PRESS-NEWS.org - Press Release Distribution
PRESS RELEASES DISTRIBUTION

How good is Google Bard’s visual understanding? An empirical study on open challenges

How good is Google Bard’s visual understanding? An empirical study on open challenges
2023-09-20
(Press-News.org)

Bard, Google’s AI chatbot, based on LaMDA and later PaLM models, was launched with moderate success in March 2023 before expanding globally in May. It’s a generative AI that accepts prompts and performs text-based tasks like providing answers, and summaries, and creating various forms of text content. On 13 July 2023, Google Bard announced a major update which allowed providing images as inputs together with textual prompts. It was claimed that Bard can analyze visual content and provide a description (e.g., image captions) or answer questions using visual information. Notably, although other models such as GPT4 have claimed to have capabilities to accept and understand visual inputs as prompts, they are not publicly accessible for experimentation. Therefore, access to Bard provides a first opportunity for the computer vision community to assess its soundness and robustness toward understanding existing strengths and limitations. In this empirical study, researchers’ goal is to analyze the capability of Bard towards some of the long-standing problems of computer vision in image comprehension.

 

This study identifies several interesting scenarios based on computer vision problems for the qualitative evaluation of Bard. Since API-based access to Bard is still not available, researchers’ evaluations do not comprise of quantitative results on large-scale benchmarks. Instead, the goal is to identify a number of insightful scenarios and corresponding visual-textual prompts that serves the purpose of evaluating not only the visual understanding capabilities of Bard but future large multimodal models such as GPT4 as well. Their motivation to particularly focus on Bard is its top performance among all open and closed-source multimodal conversational models (including Bing-Chat rolled out on 18 July 2023) as demonstrated via LLaVA-Bench.

 

To assess Bard’s capabilities, such as visual perception and contextual understanding, conditioned on the given text prompts, researchers designed a range of vision-language task scenarios.
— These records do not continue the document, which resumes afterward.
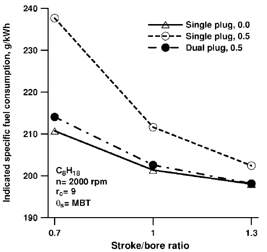 Dari hasil penelitian Ismail, Ismet dan Atilla [Effects of the Stroke/Bore Ratio on the Performance Parameters of a Dual-Spark-Ignition (DSI) Engine] menunjukkan bahwa :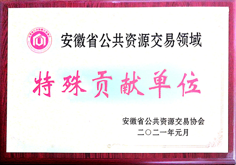 安徽省公共資源交易協(xié)會(huì)“2020年度特殊貢獻(xiàn)單位”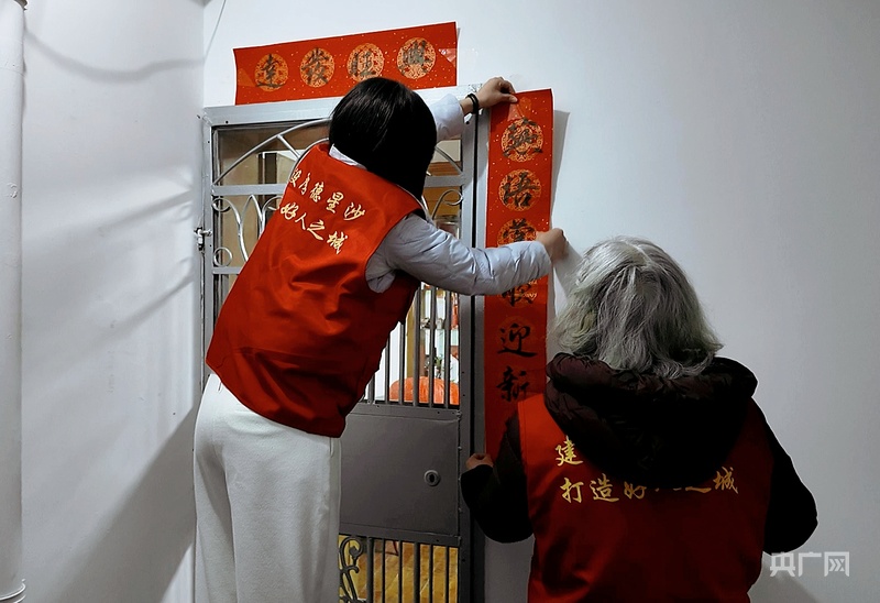 长沙泉塘街道阳高社区工作人员和志愿者为社区老人贴春联(央广网记者黄珂岚 摄)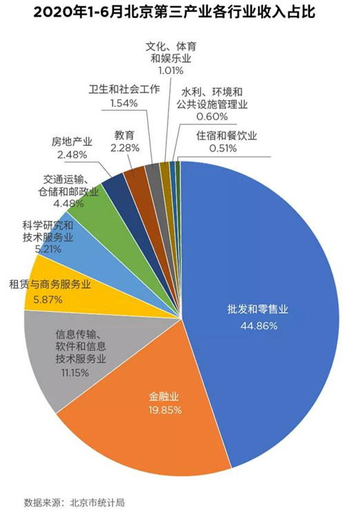 在今年上半年北京第三產(chǎn)業(yè)中,批發(fā)零售、金融、信息技術(shù)和租賃與商務(wù)服務(wù)業(yè)所占份額分居前四位,總收入占比分別為44.8%,19.85%, 11.15%級5.87%。批發(fā)零售類收入雖然占比高,但這類企業(yè)歷來對寫字樓面積的需求低,而剩下的三個行業(yè)則一直以來都是北京寫字樓需求的主力,此次雖然疫情來勢洶洶,但這三個行業(yè)在北京的表現(xiàn)依然穩(wěn)定。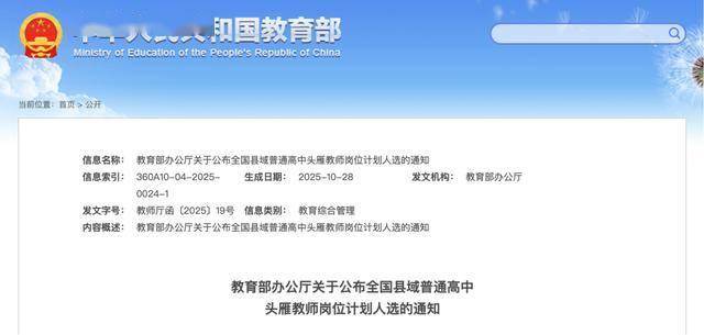 11月13日,教育部办公厅发布通知,确定首批全国县域普通高中头雁教师岗位计划入选教师600人。

Subsequently, they delve into several illustrative examples drawn from these empirical studies, encompassing a total of 15 visual question-answering (VQA) scenarios involving tasks such as object detection and localization, analyzing object attributes, count, affordances, and fine-grained recognition in natural images. They also experiment with challenging cases such as identifying camouflaged objects and diverse domains such as medical, underwater, and remote sensing images. They explain the scenarios below.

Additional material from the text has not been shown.